If you only have singlebyte characters in your input (for example [a-z][A-Z][0-9]) you can also get away with a very nice and short Perl solution:
#!/usr/bin/env perl
use strict;
use warnings;
$_ = reverse <>;
print;
Or as a command-line one-liner:
perl -pe '$_ = reverse'
[Skip the rest of this post if you are not interested in reversing any kind of UTF characters.]
The pitfall (or: “what I have learned today ) is that this fails to a different degree if the string contains multibyte UTF characters like ä, é, ợ, đ
etc.
For the more simple things like Käse, résumé
etc. it seems to be sufficient to explicitly set the stdin mode to “utf8” with
binmode STDIN, ':utf8';
With this modification, the Perl script from above produces correctly esäK
and émusér
.
But with more “sophisticated” strings like Rượu đế
this is not enough.
So far the only solutions I have found to work with any kind of strings are these:
1) — Splitting the string with the \X
special (“Match Unicode eXtended grapheme cluster”):
#!/usr/bin/env perl
use strict;
use warnings;
binmode STDIN, ':utf8';
$_ = join('', reverse <> =~ /\X/g);
print;
From perldoc.perl.org
2) — Or using the Unicode::GCString module and reversing the result as list:
#!/usr/bin/env perl
use strict;
use warnings;
use Unicode::GCString;
binmode STDIN, ':utf8';
my $str = Unicode::GCString->new(<>);
$_ = join '', reverse @{ $str->as_arrayref };
print;
From Stack Overflow
As test case I have used the nice Vietnamese word Rượu đế
, found in a related discussion on perlmonks.org.
The correct reverse string is ếđ uợưR
.
Depending on the used technique, I’ve seen two different wrong results:
-
ÌÌeÄ u£ÌÌoÌuR
when using the multibyte incompatible script at the top of this post, and -
́̂eđ ựơuR
when only setting the binmode to utf8.
If you want to try the scripts above:
All the scripts are written to be used in a KM Shell Script action with input from a variable (stdin), as shown in the screenshot at the top.

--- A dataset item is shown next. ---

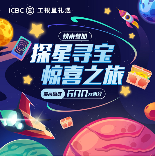 即日起至9月30日,工行用戶只需關(guān)注“中國工商銀行客戶服務”微信公眾號,輸入“探星尋寶”了解活動詳情,達標客戶將有機會贏取最高價值600元積分獎勵。該活動以“月”為周期,活動期內(nèi)任意月份客戶提升“達標星級”,次月都會得到積分獎勵!積分可在工銀e生活、融e行、融e購平臺兌換豐富商品,更有微信立減金、支付寶紅包可兌換。
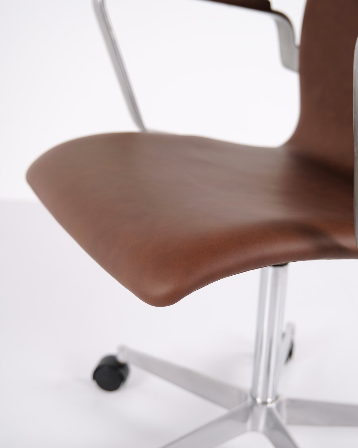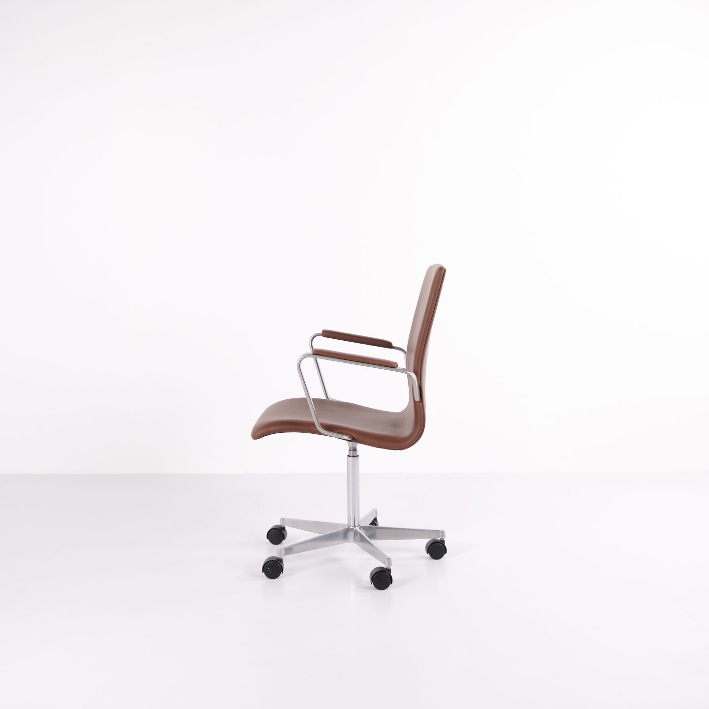 Arne Jacobsen Oxford Classic office chair, model 3291, for Fritz Hansen. Newly upholstered in brown leather.

You should also set the output to a (non-local) variable, because the KM Shell Script Results window doesn’t show all characters correctly. (At least on my computer.)
Edit/PS:
If you want to test a script with the Vietnamese test string, you have to copy it from the following line (do not copy one of the inline instances in the text!) :
Rượu đế
Although the string looks different here, this will maintain the original composition of the characters. Once you paste the string into a Unicode-compliant editor (and using a compliant font) on your computer it will again look like “ Rượu đế ”, but with the correct composition.
Alternatively you can copy the string from inside this macro.